TASK TO CARRY OUT » Lower down are entries containing pictures. Copy exactly, without those pictures, the lines from the line with "Ta aplikacja pomaga" through the line with "金益(19mm)閉口鐵皮打包扣,邊滑光滑無棱角,避免打包劃手和對貨物的損壞。".

RECORDED DATA »
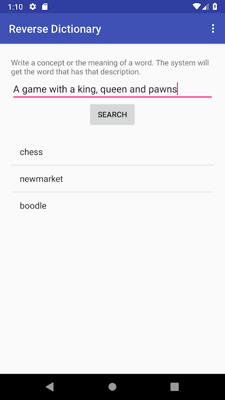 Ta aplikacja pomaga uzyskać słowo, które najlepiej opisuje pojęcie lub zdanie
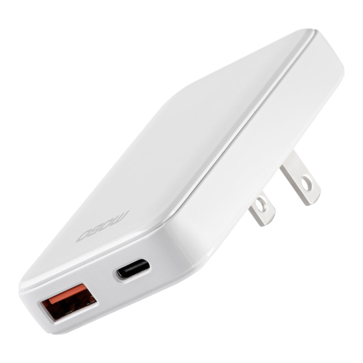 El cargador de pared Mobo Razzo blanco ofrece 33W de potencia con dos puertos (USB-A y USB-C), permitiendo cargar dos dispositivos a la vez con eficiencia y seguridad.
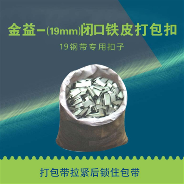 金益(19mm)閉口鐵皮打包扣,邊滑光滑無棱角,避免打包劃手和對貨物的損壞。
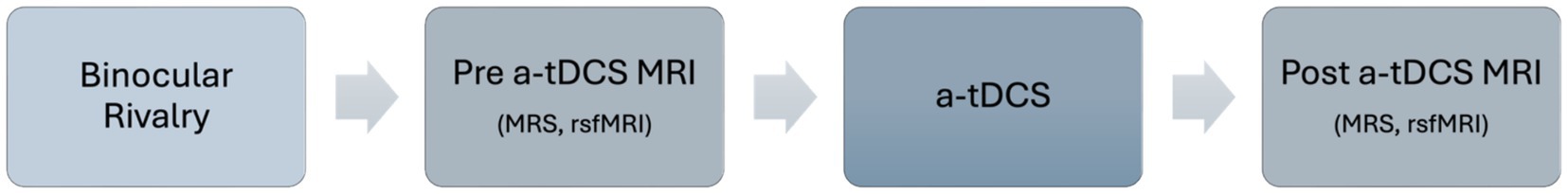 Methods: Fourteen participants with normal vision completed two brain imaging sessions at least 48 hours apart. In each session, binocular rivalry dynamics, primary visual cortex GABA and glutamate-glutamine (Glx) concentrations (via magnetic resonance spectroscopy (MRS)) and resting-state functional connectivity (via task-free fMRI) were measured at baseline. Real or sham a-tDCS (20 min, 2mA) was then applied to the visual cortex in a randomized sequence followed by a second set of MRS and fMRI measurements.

---

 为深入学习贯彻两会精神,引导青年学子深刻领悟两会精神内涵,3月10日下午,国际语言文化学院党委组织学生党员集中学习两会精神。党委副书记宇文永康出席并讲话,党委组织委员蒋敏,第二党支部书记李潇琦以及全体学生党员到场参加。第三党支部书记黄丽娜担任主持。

ANSWER SECTION »
 Ta aplikacja pomaga uzyskać słowo, które najlepiej opisuje pojęcie lub zdanie
 El cargador de pared Mobo Razzo blanco ofrece 33W de potencia con dos puertos (USB-A y USB-C), permitiendo cargar dos dispositivos a la vez con eficiencia y seguridad.
 金益(19mm)閉口鐵皮打包扣,邊滑光滑無棱角,避免打包劃手和對貨物的損壞。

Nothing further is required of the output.